#### Goal of the exercise
Among the records that follow, find the line with "Сбегал в магазин" and the line with "控制网格 :由(m+1)×(n+1)(m". Set down those lines and all lines between them exactly, without adding anything.

#### Material to process

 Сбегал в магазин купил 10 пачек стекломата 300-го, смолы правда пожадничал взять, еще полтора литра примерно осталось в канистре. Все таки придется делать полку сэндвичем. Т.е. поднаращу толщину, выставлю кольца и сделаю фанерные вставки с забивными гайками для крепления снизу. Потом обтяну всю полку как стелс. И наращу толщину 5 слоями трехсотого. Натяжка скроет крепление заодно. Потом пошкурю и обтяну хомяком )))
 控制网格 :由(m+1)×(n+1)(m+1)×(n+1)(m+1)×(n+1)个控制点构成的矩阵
==
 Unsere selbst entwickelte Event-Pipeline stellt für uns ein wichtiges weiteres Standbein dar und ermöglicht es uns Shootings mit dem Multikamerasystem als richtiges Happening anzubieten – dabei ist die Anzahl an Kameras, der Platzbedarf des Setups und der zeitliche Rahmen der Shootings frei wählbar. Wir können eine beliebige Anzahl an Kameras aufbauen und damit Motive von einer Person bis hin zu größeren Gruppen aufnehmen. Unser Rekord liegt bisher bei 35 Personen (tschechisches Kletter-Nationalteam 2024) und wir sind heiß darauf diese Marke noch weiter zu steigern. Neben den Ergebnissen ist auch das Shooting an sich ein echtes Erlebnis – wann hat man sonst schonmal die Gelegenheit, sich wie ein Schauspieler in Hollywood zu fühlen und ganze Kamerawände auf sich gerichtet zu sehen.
* * *
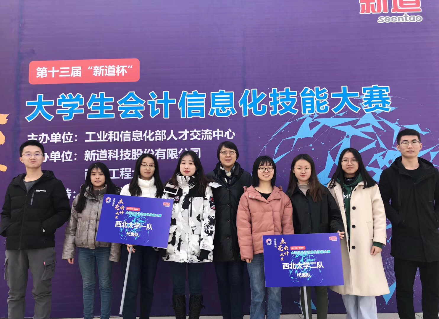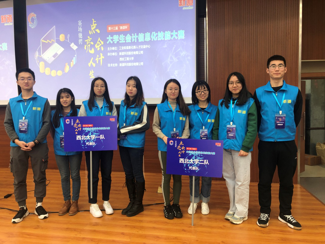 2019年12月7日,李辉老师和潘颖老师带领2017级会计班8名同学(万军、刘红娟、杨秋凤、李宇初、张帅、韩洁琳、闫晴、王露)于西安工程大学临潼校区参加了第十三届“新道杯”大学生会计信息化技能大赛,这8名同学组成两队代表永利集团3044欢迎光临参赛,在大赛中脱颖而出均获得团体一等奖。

#### Written answer
 Сбегал в магазин купил 10 пачек стекломата 300-го, смолы правда пожадничал взять, еще полтора литра примерно осталось в канистре. Все таки придется делать полку сэндвичем. Т.е. поднаращу толщину, выставлю кольца и сделаю фанерные вставки с забивными гайками для крепления снизу. Потом обтяну всю полку как стелс. И наращу толщину 5 слоями трехсотого. Натяжка скроет крепление заодно. Потом пошкурю и обтяну хомяком )))
 控制网格 :由(m+1)×(n+1)(m+1)×(n+1)(m+1)×(n+1)个控制点构成的矩阵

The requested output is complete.